- Opening Delimiter -

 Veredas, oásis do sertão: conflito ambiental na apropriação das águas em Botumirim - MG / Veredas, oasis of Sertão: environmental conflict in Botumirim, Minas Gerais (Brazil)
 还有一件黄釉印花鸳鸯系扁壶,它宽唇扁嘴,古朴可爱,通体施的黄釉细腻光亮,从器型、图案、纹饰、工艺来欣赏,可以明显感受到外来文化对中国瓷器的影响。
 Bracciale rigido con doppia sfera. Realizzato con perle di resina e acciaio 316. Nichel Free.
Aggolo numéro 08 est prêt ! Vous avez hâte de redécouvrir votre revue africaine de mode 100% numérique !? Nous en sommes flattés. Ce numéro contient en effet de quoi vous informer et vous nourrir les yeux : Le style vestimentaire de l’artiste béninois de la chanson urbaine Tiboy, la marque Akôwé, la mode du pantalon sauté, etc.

- Closing Delimiter -
- Opening Delimiter -

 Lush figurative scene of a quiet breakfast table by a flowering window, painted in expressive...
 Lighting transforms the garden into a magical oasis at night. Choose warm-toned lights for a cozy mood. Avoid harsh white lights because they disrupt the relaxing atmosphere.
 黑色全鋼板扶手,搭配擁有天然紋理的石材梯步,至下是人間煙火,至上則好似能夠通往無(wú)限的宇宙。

- Closing Delimiter -

Required action. Work out how many lines of the data above hold the word "oasis", and write only the count.

Reply to the exercise. 2